Semaphorin3E and CHD7 signalling pathways in the control of olfaction and reproduction: link for Kallmann and CHARGE syndromes?

CHARGE syndrome is a complex genetic disease characterized by many abnormalities of the body; these include heart, ear, eye and growth defects. In addition to the main symptoms, patients very often suffer of olfaction and reproductive problems, features that are common of other 2 diseases, Idiopathic Hypogonadotropic Hypogonadism (IHH) and Kallmann Syndrome (KS). The life expectancy of patients affected by CHARGE varies between 5 days and 46 years, with the highest rate of mortality during the first 5 years of life. The genes found mutated are so far only two: CHD7 and SEMA3E. The first, which regulates the expression of other genes, has been found mutated in the majority of CHARGE syndrome cases but also in some patients affected by IHH/KS, strongly supporting a link in the aetiopathogenesis of these diseases.

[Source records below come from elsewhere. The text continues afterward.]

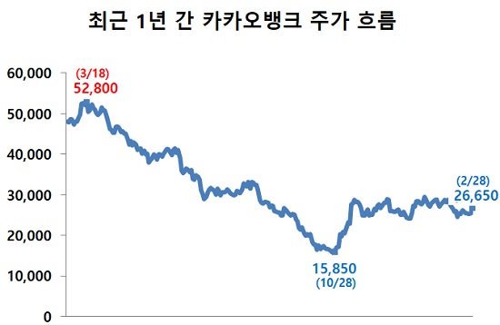 공모가가 다소 높다는 지적에 폭락했던 주가도 지난해 4분기부터 반등하고 있다. 카카오뱅크는 상장 당시 공모주 청약 열풍에 힘입어 높은 기업 가치를 인정 받았지만 이후 증권가를 중심으로 공모가가 다소 높다는 지적이 이어지면서 지난해 주가가 큰 폭으로 떨어졌었다.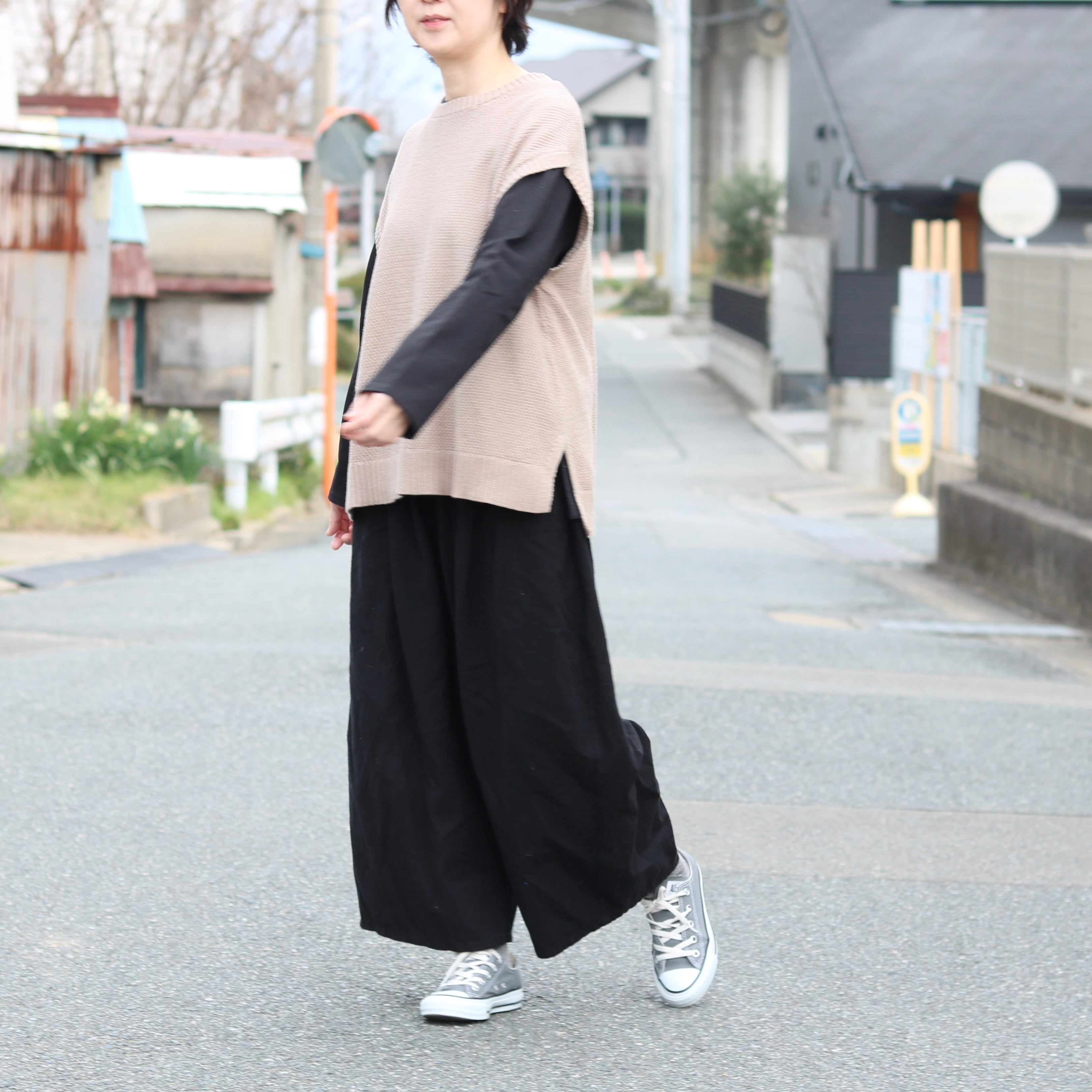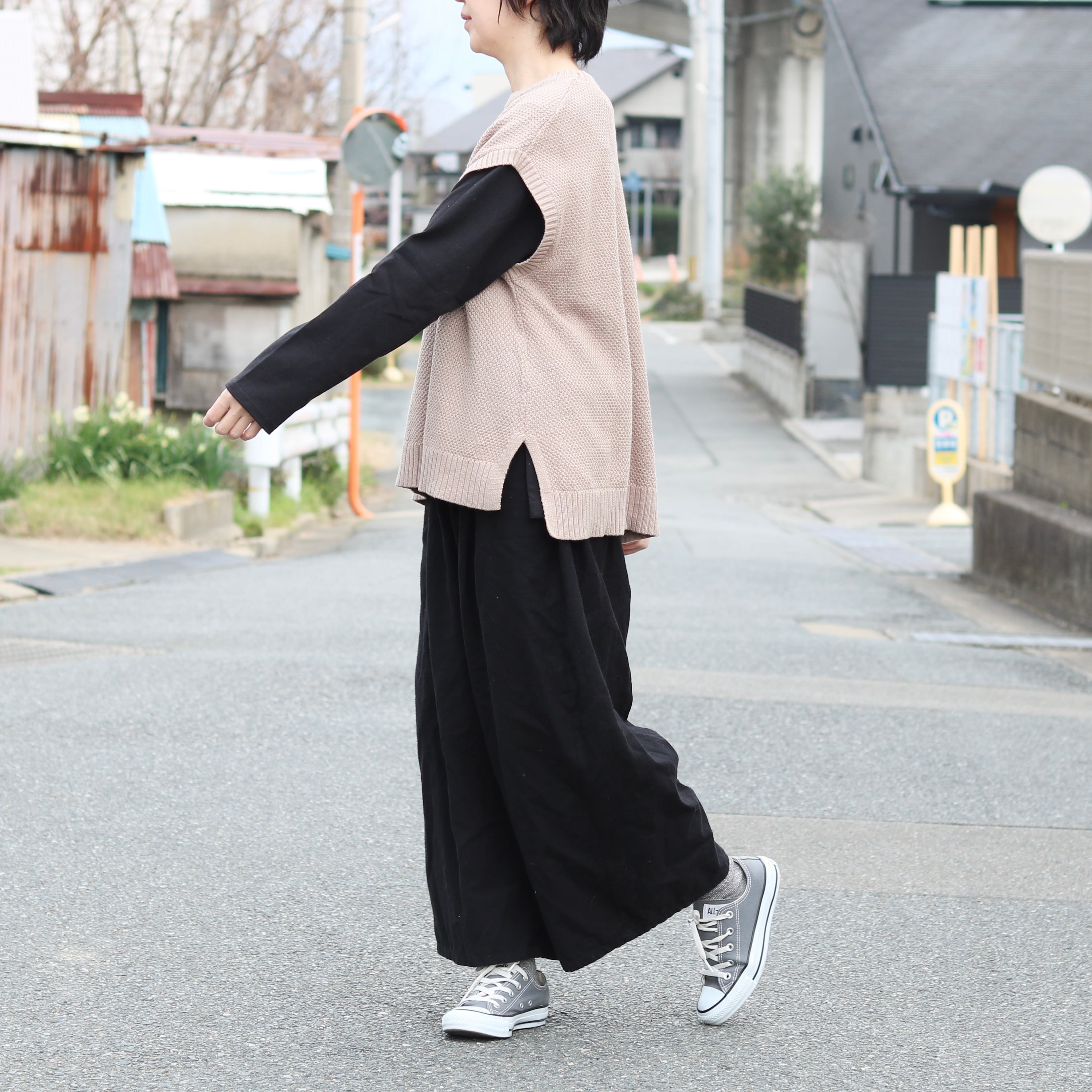 サイドにスリットが入っており、インナーとの重ね着も相性が良くコーディネートも合わせやすいです。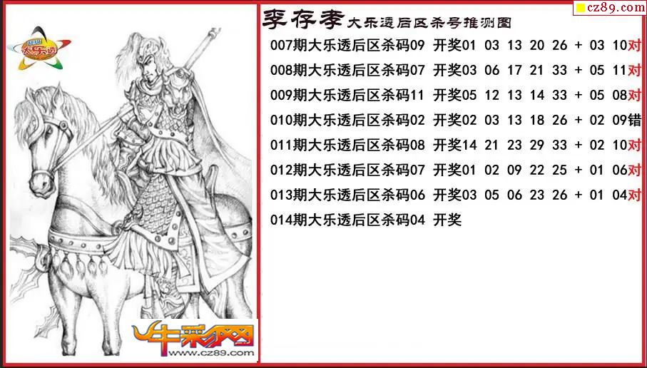 大乐透014期李存孝后区杀号推测图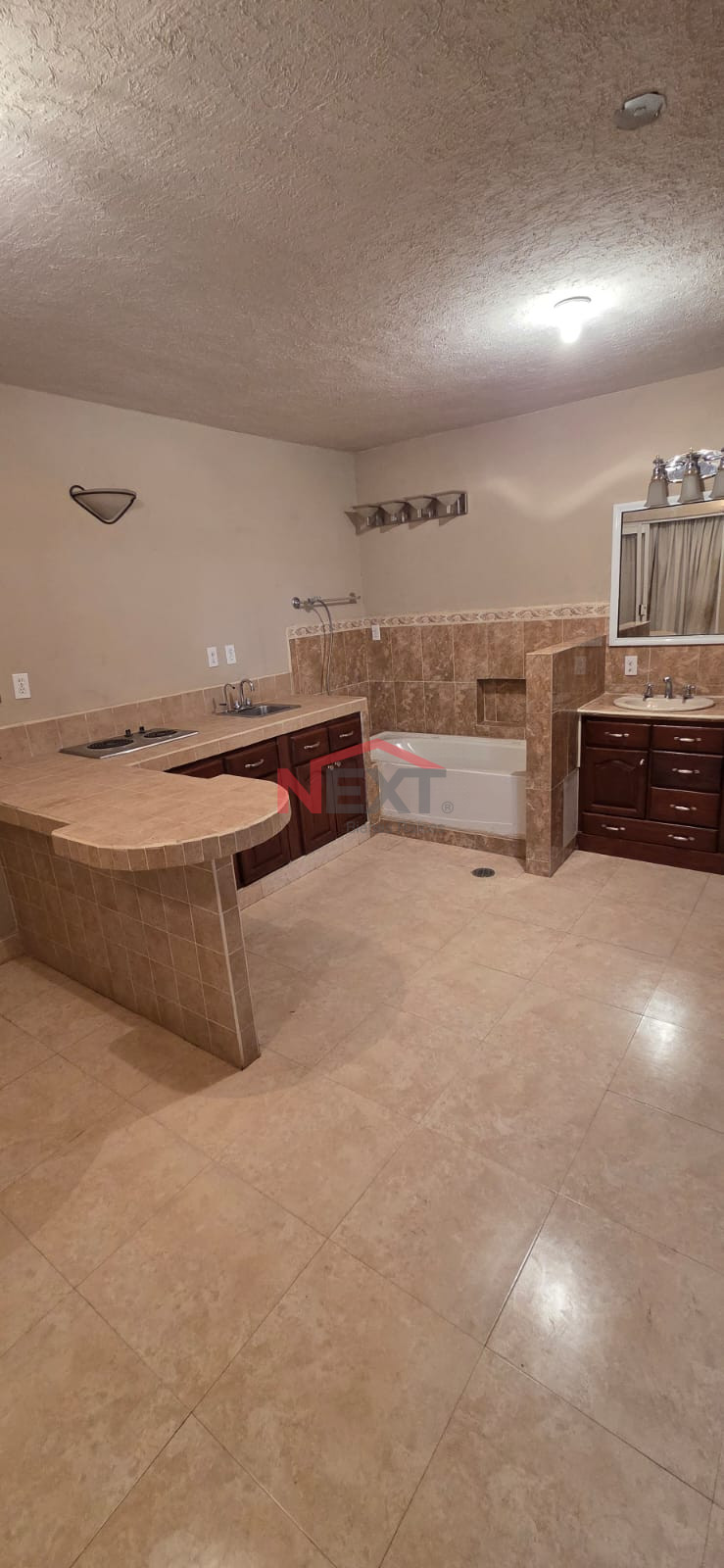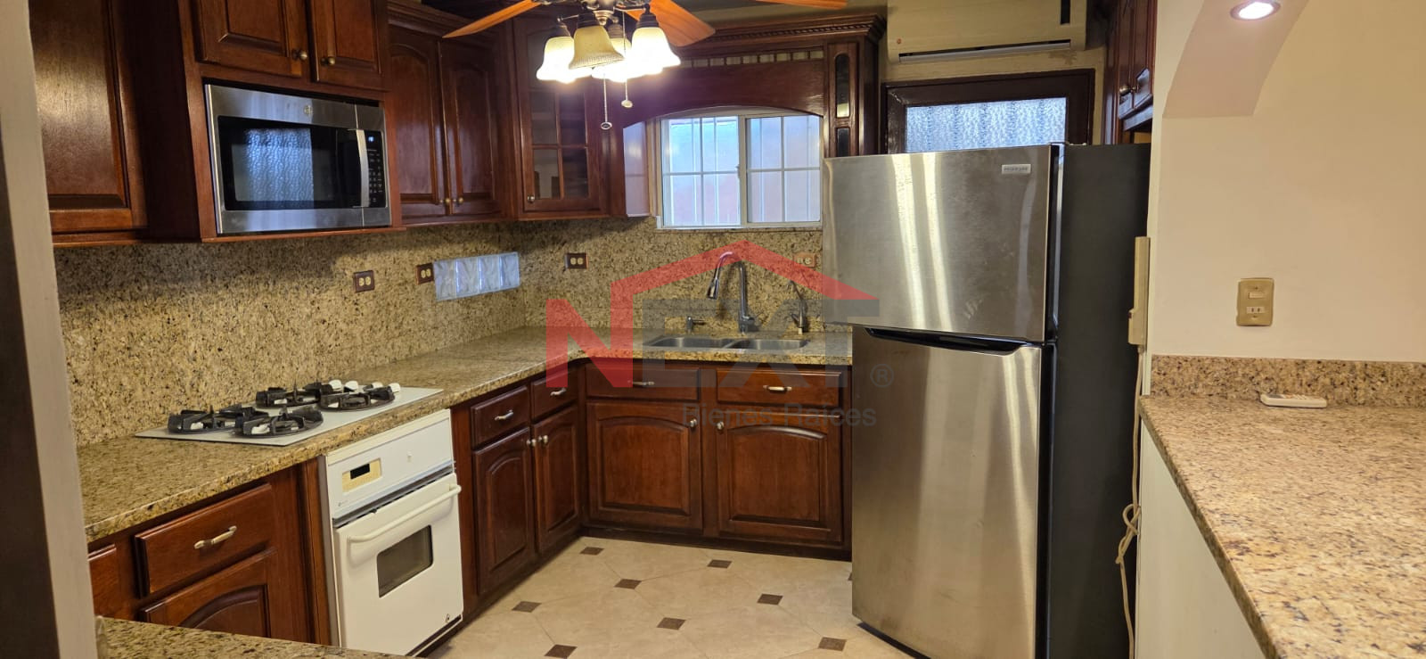 - COCINA INTEGRAL DE MADERA DE CEDRO CON CUBIERTA DE GRANITO EQUIPADA CON ESTUFA, REFRIGERADOR. EQUIPO DE AGUA PURIFICADA

The second, which encodes for a protein important to guide nerve cells during foetal development, has been found mutated so far only in 2 patients affected by CHARGE. However, no direct link has been shown between these 2 genes nor it has been studied whether SEMA3E is involved in the control of reproduction and olfaction during development. Thus, we will apply animal and cellular models to elucidate the role of these 2 proteins during development and to understand their possible contribution to the olfaction and reproductive abnormalities of CHARGE and IHH/KS patients.